##### Provided material #####
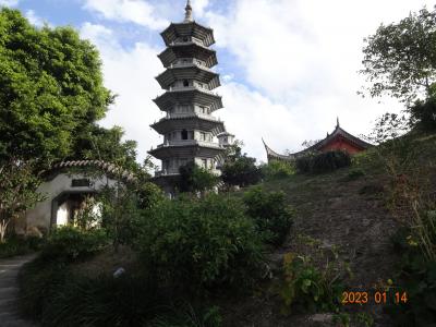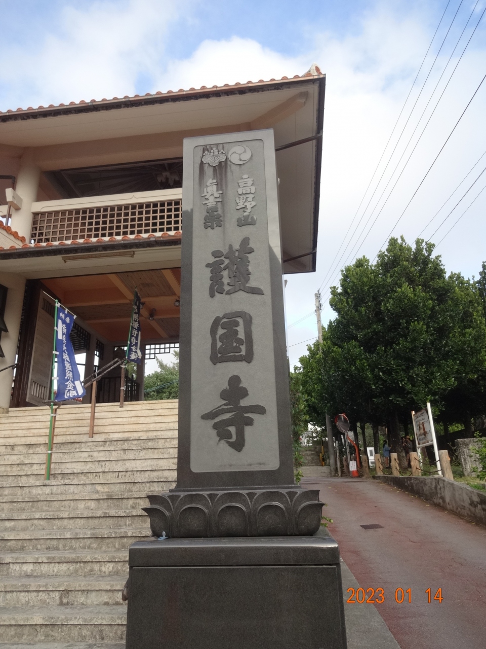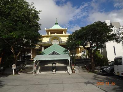 「波上宮」のそばにある「護国寺」の門から階段を登って境内に入り、お参りしました。
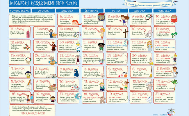 U sklopu projekta 'Djeca pomažu djeci' Papinska misijska djela Hrvatske pripremila je 'Misijski korizmeni hod'. Od Pepelnice do Uskrsa svakodnevnim poticajima djecu se poziva da prate korake i budu dio akcije 'Djeca pomažu djeci', te tako postanu dio Djela sv. Djetinjstva koji molitvom i dobrim djelima pomažu više od 20 milijuna djece u misijskim zemljama.
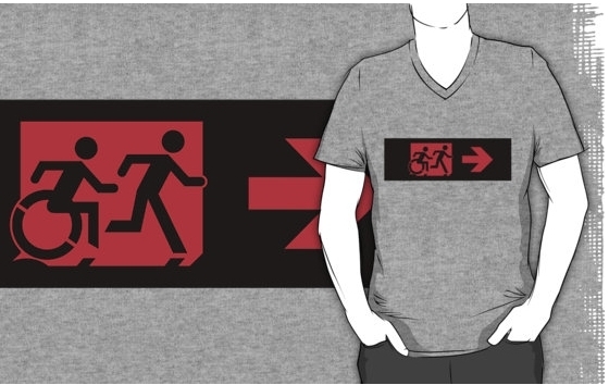Accessible Exit Sign Project Wheelchair Wheelie Running Man Symbol Means of Egress Icon Disability Emergency Evacuation Fire Safety Adult T-shirt 213
#####
-- The problem --
Copy all the lines of data exactly as they appear, dropping any images.

-- Output for this task --
 「波上宮」のそばにある「護国寺」の門から階段を登って境内に入り、お参りしました。
 U sklopu projekta 'Djeca pomažu djeci' Papinska misijska djela Hrvatske pripremila je 'Misijski korizmeni hod'. Od Pepelnice do Uskrsa svakodnevnim poticajima djecu se poziva da prate korake i budu dio akcije 'Djeca pomažu djeci', te tako postanu dio Djela sv. Djetinjstva koji molitvom i dobrim djelima pomažu više od 20 milijuna djece u misijskim zemljama.
Accessible Exit Sign Project Wheelchair Wheelie Running Man Symbol Means of Egress Icon Disability Emergency Evacuation Fire Safety Adult T-shirt 213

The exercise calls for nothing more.